As before, the group’s goal is simple—to bring together entrepreneurs, investors, academics, and other professionals interested in creating new businesses around renewable energy technologies and cleantech. Day and Friendly have rounded up a few founding national sponsors who will help to underwrite gatherings and to set up a central social-networking website; the sponsors include executive search firm Hobbs & Towne, national law firm Holland & Knight, Boston-based law firm Mintz Levin, Silicon Valley Bank, the Houston-based financial services conglomerate Stanford Group Company, and Boston-based public relations firm Weber Shandwick.
I caught up with Friendly by phone yesterday and asked him for a five-minute download about how the new REBN came together and what purpose the group will serve. “We were getting pinged all the time by people [in other cities] asking us if we could set something up for them, or if they could set up something in their town,” he explains. “So we decided now would be a good time to get a handful of corporate sponsors to help us not only to create chapters in at least 10 different cities around the country but also to build out the website to take advantage of the interest and to build in some online networking tools, to make it user generated.”
Friendly says the website will be “the Craigslist of cleantech, for lack of a better analogy. It will have job listings, events, and profiles of members who will identify themselves as experts in certain areas.”
There are plenty of other groups dedicated to advancing cleantech entrepreneurship, and Friendly emphasizes that REBN won’t be in competition with them. “The idea is to be collaborative with all these existing organizations such as the New England Clean Energy Council. It’s an effort to form connections between cleantech and renewable energy business folks—not pure environmentalists, but people who are going to create businesses, researchers who are looking to commercialize their technologies, investors, a handful of students, et cetera.”

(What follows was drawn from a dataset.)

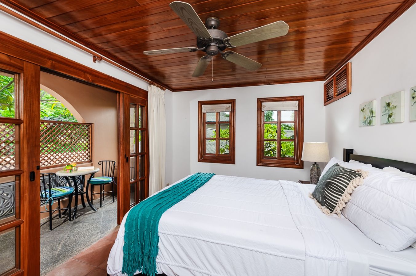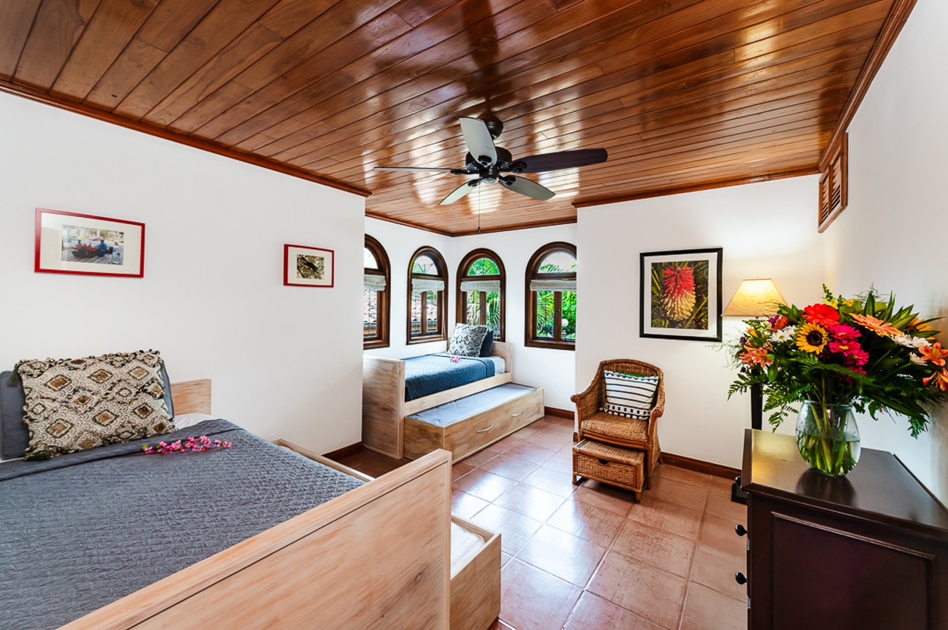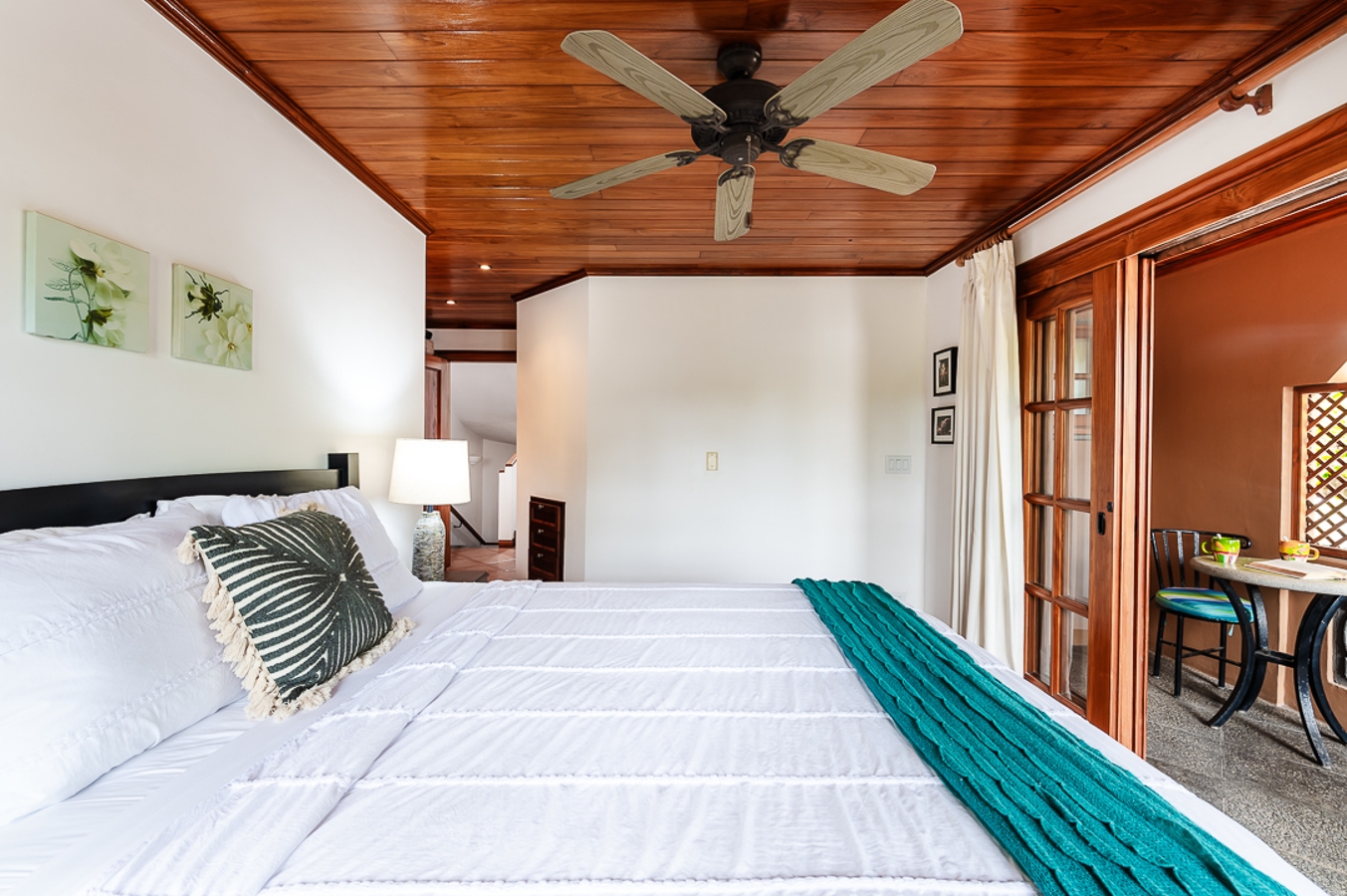 This spacious villa features three inviting bedrooms, each with its own en-suite bathroom. The master bedroom boasts a plush king-sized bed and direct access to a private balcony with breathtaking ocean views. The two guest bedrooms are equally well-appointed, one with a queen-sized bed and the other with twin beds, providing plenty of space for your family or group of friends.

Friendly says REBN will form a partnership with the American Council on Renewable Energy, a non-profit industry think tank and lobbying group based in Washington, D.C., though the form of the relationship is still being worked out. “They are an umbrella group with a mandate to push all renewables,” says Friendly. “We’ll be looking to work with them more closely in a yet-to-be-defined way.”
Whatever happens, REBN is likely to retain its informal character—the majority of the group’s gatherings are held over drinks at local pubs and pool halls. “It’s a light-touch, low-effort organization that is entirely dependent on the people who put it together,” says Friendly. “We already have a handful of the city chapters up and running, and more are in formation with groups that have taken responsibility for managing their first meetings.”
Day, in a press release about the national launch yesterday, said, “This is just the beginning of a lot of exciting things we’re pulling together for REBN members. We’re dedicated to helping the development of renewable energy clusters all across the country, supporting existing efforts and welcoming researchers, entrepreneurs and businesspeople into the renewable energy community. When we bring all these great minds together, we know good things will happen.”